# FINMA Python Lab 08: NumPy, Pandas and Matplotlib for Financial Analysis

## Overview

In this lab, you'll practice:
- NumPy arrays and operations
- Financial calculations with NumPy
- Pandas DataFrames for tabular data
- Reading and writing data with Pandas
- Data manipulation and aggregation
- Time series analysis
- Calculating financial metrics
- Portfolio analysis

**Important:** Complete your work and have it manually checked by your instructor.



---

## Programming Exercises

### Exercise 1: Portfolio Value Calculation (NumPy)

Using NumPy arrays:
1. Create arrays for: symbols, shares, and prices
2. Calculate the value of each position
3. Calculate the total portfolio value
4. Calculate the percentage allocation for each position

**Data:**
- AAPL: 150 shares at $163.75
- GOOGL: 75 shares at $155.30
- MSFT: 100 shares at $406.20
- AMZN: 60 shares at $200.45
- TSLA: 40 shares at $276.30

In [2]:
# Exercise 1: Portfolio Value Calculation
# Write your code here
import numpy as np
symbols = np.array(['AAPL', 'GOOGL', 'MSFT', 'AMZN', "TSLA"])
shares = np.array([150, 75, 100, 60, 40])
price = np.array([163.75, 155.30, 406.20, 200.45, 276.30])

portfolio_value= shares*price
total_value = np.sum(portfolio_value)
allocation=portfolio_value/total_value*100

print("Portfolio Value per Stock:", portfolio_value)
print("Total Portfolio Value:", total_value)
print("Allocation per Stock:", allocation)

Portfolio Value per Stock: [24562.5 11647.5 40620.  12027.  11052. ]
Total Portfolio Value: 99909.0
Allocation per Stock: [24.58487223 11.65810888 40.65699787 12.03795454 11.06206648]


### Exercise 2: Return Statistics (NumPy)

Given daily returns for a stock, calculate:
1. Average daily return
2. Volatility (standard deviation)
3. Annualized return (assume 252 trading days)
4. Annualized volatility
5. Sharpe ratio (assume risk-free rate = 2%)

**Formula:** Sharpe Ratio = (Annualized Return - Risk Free Rate) / Annualized Volatility

**Data:** Use returns array: `[1.2, -0.5, 0.8, 1.5, -0.3, 0.9, 1.1, -0.7, 1.3, 0.6]`

In [3]:
# Exercise 2: Return Statistics
# Write your code here
daily_returns = np.array([1.2, -0.5, 0.8, 1.5, -0.3, 0.9, 1.1, 1.3, 0.6])
avg_daily_return = np.mean(daily_returns)
print("Average Daily Return:", round(avg_daily_return, 2))

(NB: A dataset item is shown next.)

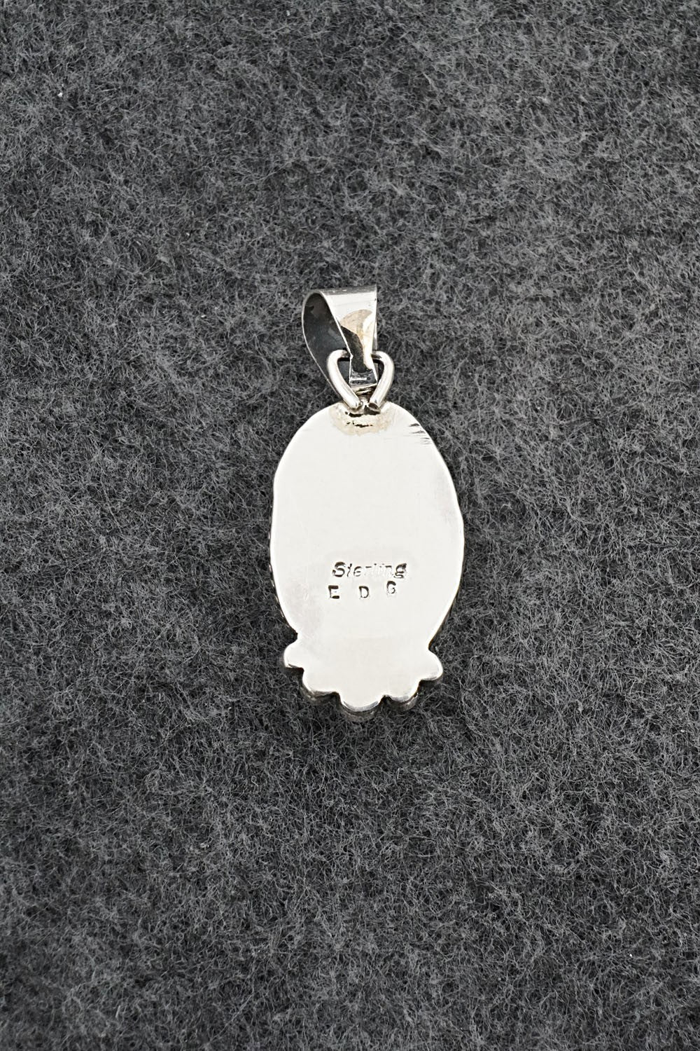 This natural Kingman turquoise and bright-polish sterling silver pendant was made by Navajo silversmith Eugene Gruber. The back is stamped EDG and sterling.

std_dev = np.std(daily_returns)
print("Standard Deviation of Daily Returns:", round(std_dev, 2))

annualised_return = avg_daily_return * 252
annualised_std_dev = std_dev * 252
print("Annualised Return:", round(annualised_return, 2))
print("Annualised Standard Deviation:", round(annualised_std_dev, 2))

sharpe_ratio =(annualised_return - 2)/annualised_std_dev
print("Sharpe Ratio:", round(sharpe_ratio, 2))

Average Daily Return: 0.73
Standard Deviation of Daily Returns: 0.66
Annualised Return: 184.8
Annualised Standard Deviation: 165.89
Sharpe Ratio: 1.1


### Exercise 3: Price Matrix Analysis (NumPy)

Create a 2D NumPy array representing 10 days of prices for 5 stocks.

Calculate:
1. Average price for each stock (across all days)
2. Highest price for each stock
3. Lowest price for each stock
4. Which stock had the highest average price?
5. Which day had the highest average price across all stocks?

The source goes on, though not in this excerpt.